2024-04-02 11:31:45.899812: W tensorflow/compiler/tf2tensorrt/utils/py_utils.cc:38] TF-TRT Warning: Could not find TensorRT
/usr/local/lib/python3.10/dist-packages/diffusers/utils/outputs.py:63: UserWarning: torch.utils._pytree._register_pytree_node is deprecated. Please use torch.utils._pytree.register_pytree_node instead.
  torch.utils._pytree._register_pytree_node(
/usr/local/lib/python3.10/dist-packages/diffusers/utils/outputs.py:63: UserWarning: torch.utils._pytree._register_pytree_node is deprecated. Please use torch.utils._pytree.register_pytree_node instead.
  torch.utils._pytree._register_pytree_node(
2024-04-02 11:31:47 INFO     prepare tokenizer

... and then, after a copule of minutes, the process terminates.
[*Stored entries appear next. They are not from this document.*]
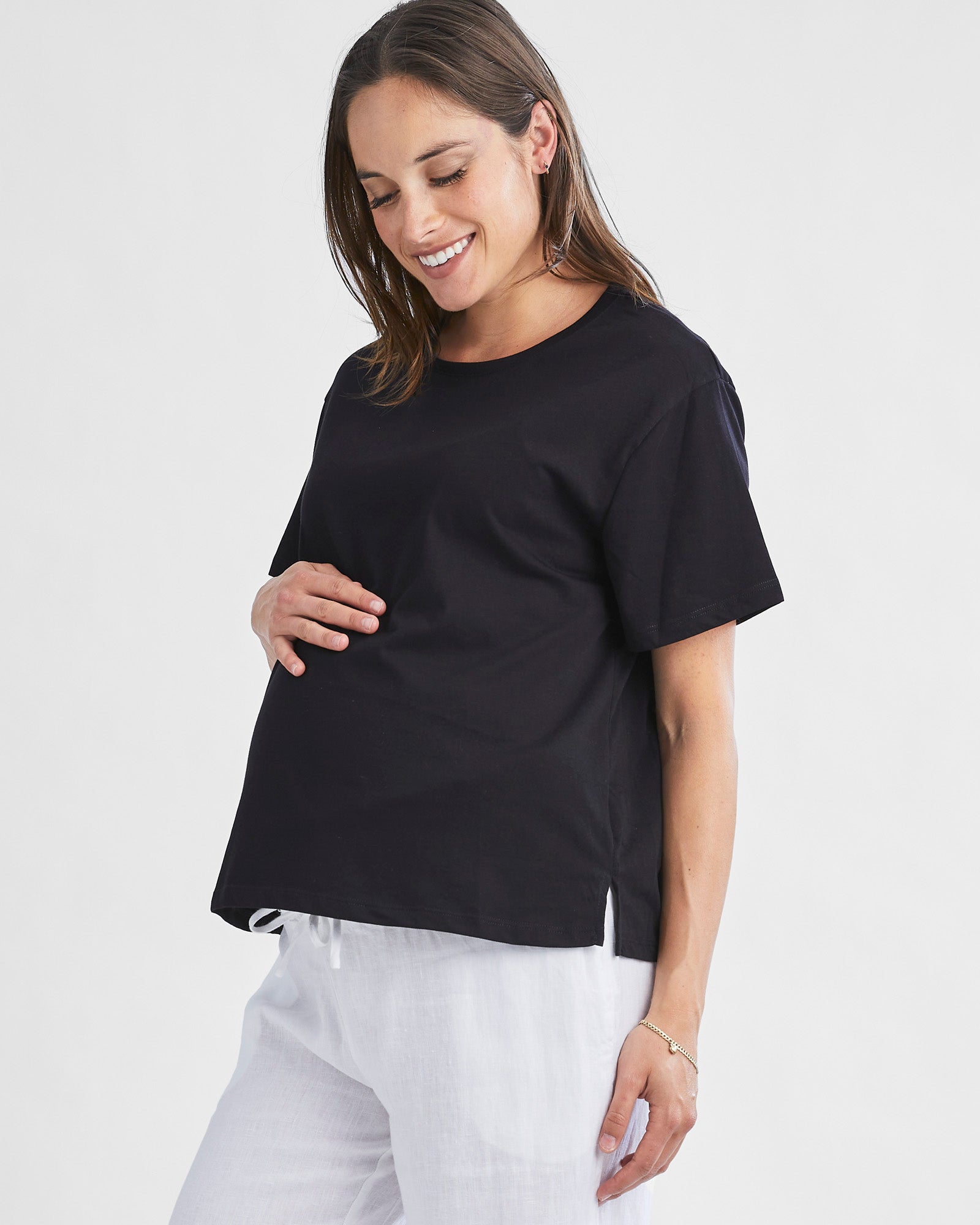 Versatile and Comfortable Maternity Cotton Tee in Black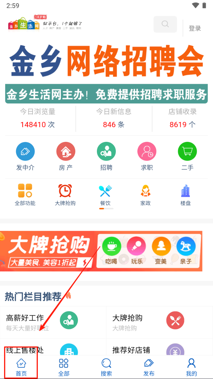 1、点击“首页”按钮,浏览金乡生活网提供的各类服务和信息。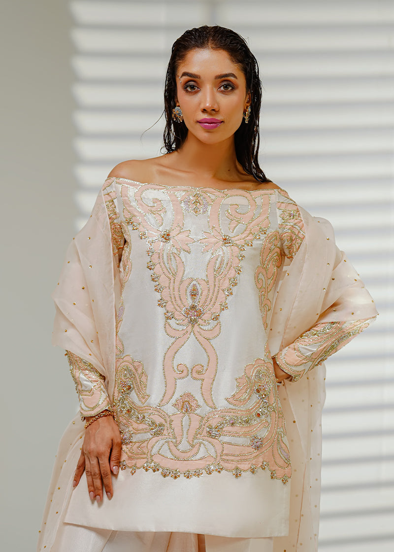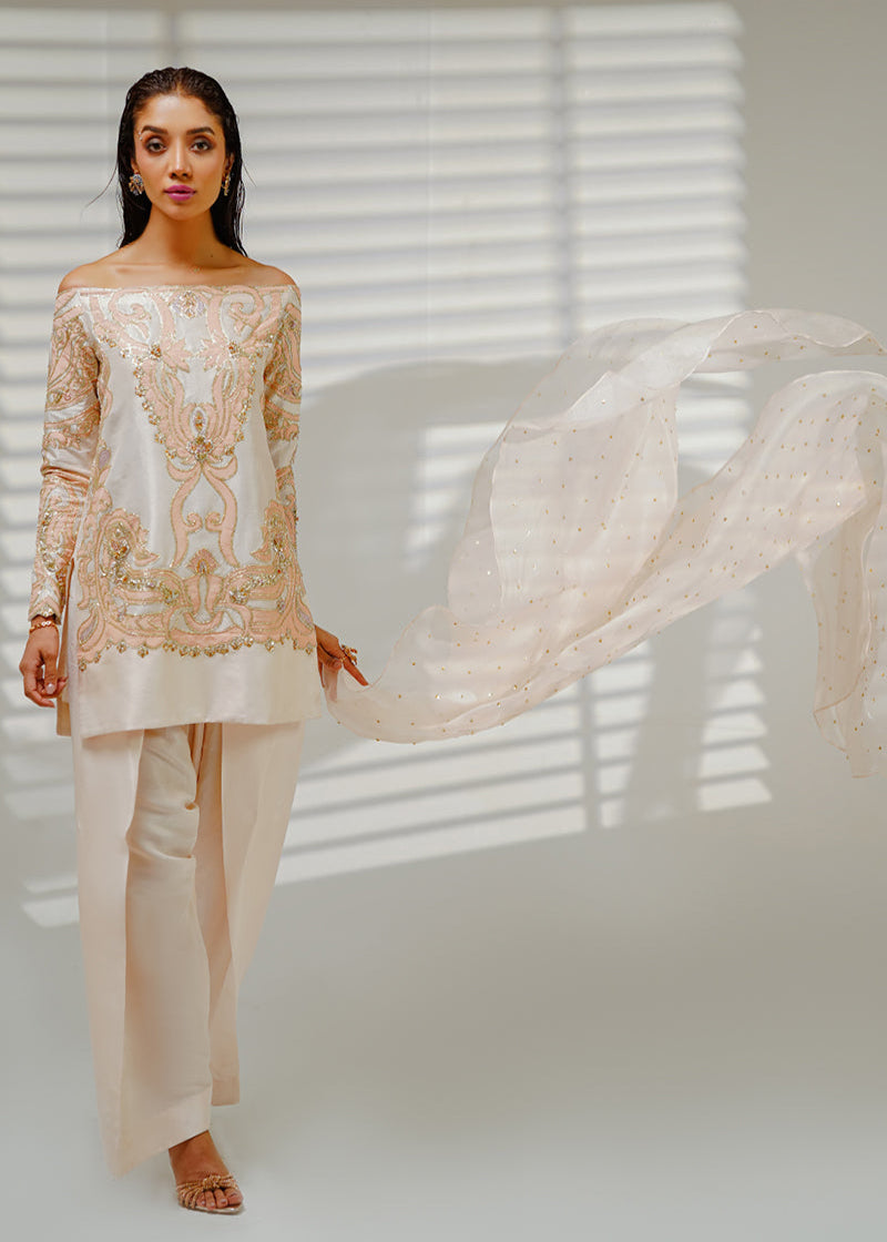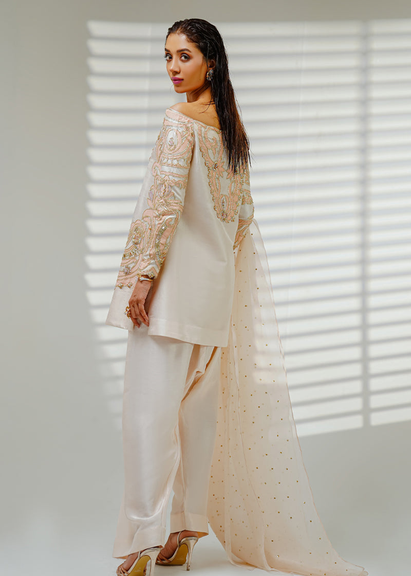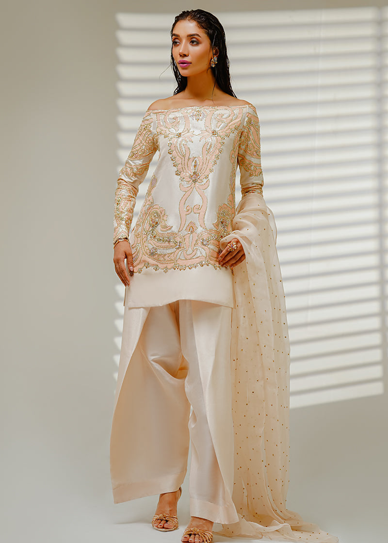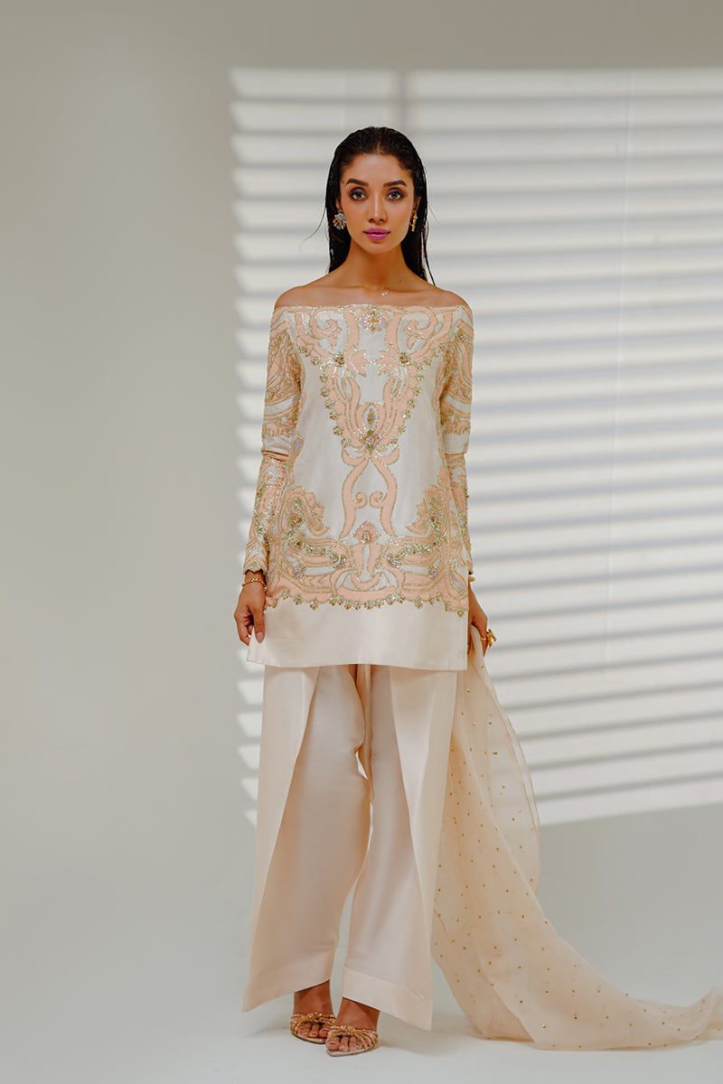Description: The Short, Off-Shoulder Shirt Features Exquisite Hand-Embroidered Sitara Work.Paired With A Flowing Traditional Shalwar, "Auric Aura" Creates A Silhouette That Is Both Regal And Refined, Perfect For Those Who Command Attention Without Demanding It. It Is A Perfect Ready To Wear, Stitch Dress.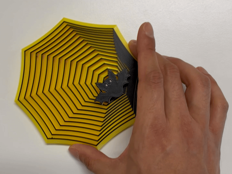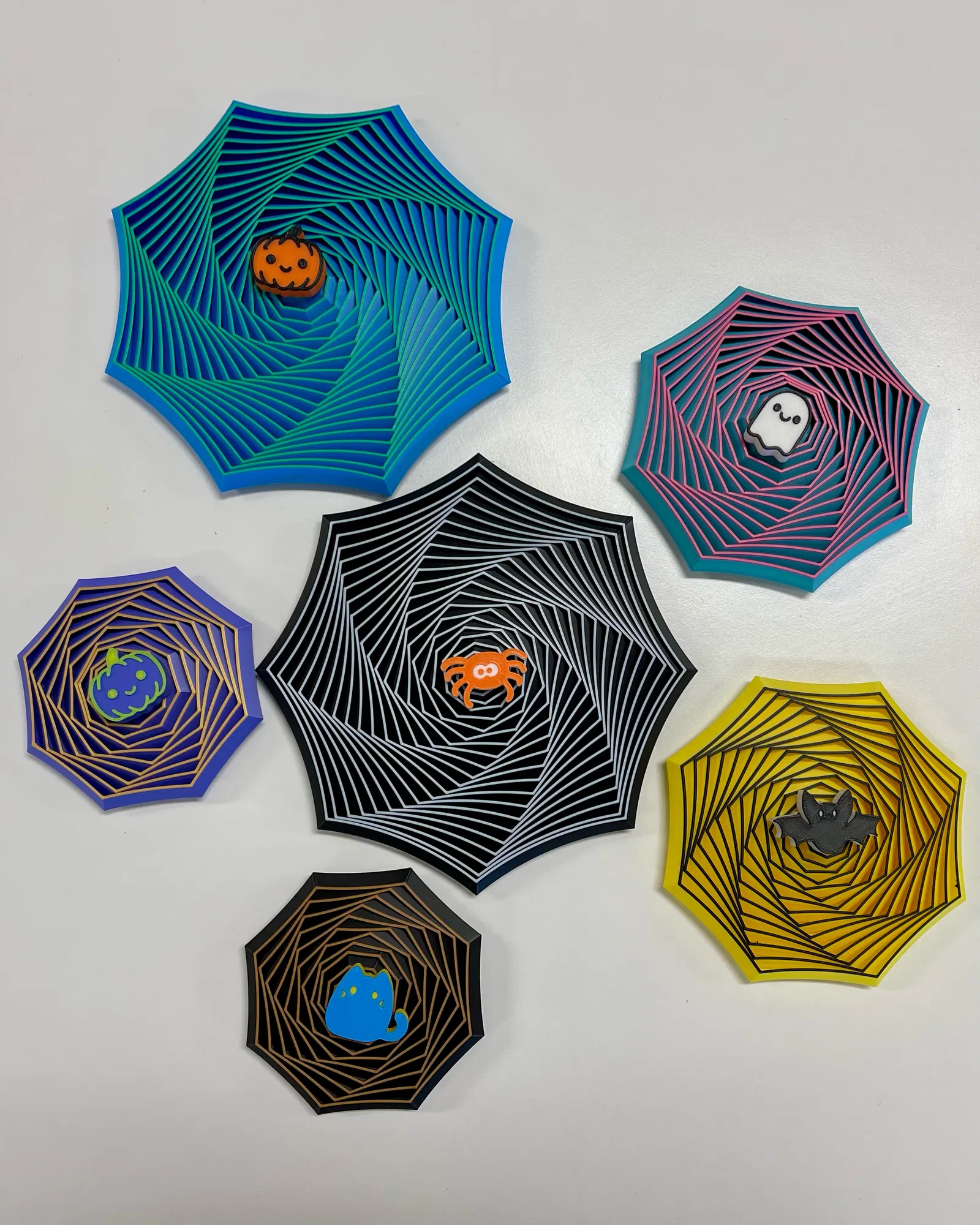 Lấy cảm hứng từ "Expanded Sensory Fidget Star", món này được làm lại ý tưởng thành một mạng nhện sắc sảo cho dịp Halloween. Có 3 kích cỡ: Lớn, Vừa và Nhỏ, kèm theo một biểu tượng có thể tháo rời ở trên. Cái biểu tượng này không chỉ để cho đẹp đâu nha; mô hình được thiết kế để bạn có thể nhấc nó lên bằng biểu tượng, cảm giác cầm nắm đã lắm luôn.

I launch the training by the following command:

accelerate launch sd-scripts/train_db.py \
    --pretrained_model_name_or_path=$MODEL_NAME \
    --dataset_config=repo_concept/toml/rv6-allres-noregs.toml \
    --output_dir=$OUTPUT_DIR  \
    --save_model_as=diffusers \
    --prior_loss_weight=1.0 \
    --max_train_steps=$SAVE_MAX_STEPS \
    --save_every_n_steps=$SAVE_INTERVAL \
    --learning_rate=14e-7 \
    --lr_scheduler="cosine" \
    --stop_text_encoder_training=20000 \
    --optimizer_type="AdamW8bit" \
    --mixed_precision="fp16" \
    --xformers \
    --gradient_checkpointing \
    --sample_every_n_steps=$SAVE_INTERVAL \
    --sample_sampler="euler_a" \
    --sample_prompts=$repo_path_conc/prompts/prompts-rv6-initial.txt

As MODEL_NAME, I've tried NickKolok/lametta-v2012-fp16-conv, SG161222/Realistic_Vision_V6.0_B1_noVAE and admruul/anything-v3.0.

I'm using a Google Colab. Not a ready notebook prepared by someone, but rather my own :) I just need to access to free GPU.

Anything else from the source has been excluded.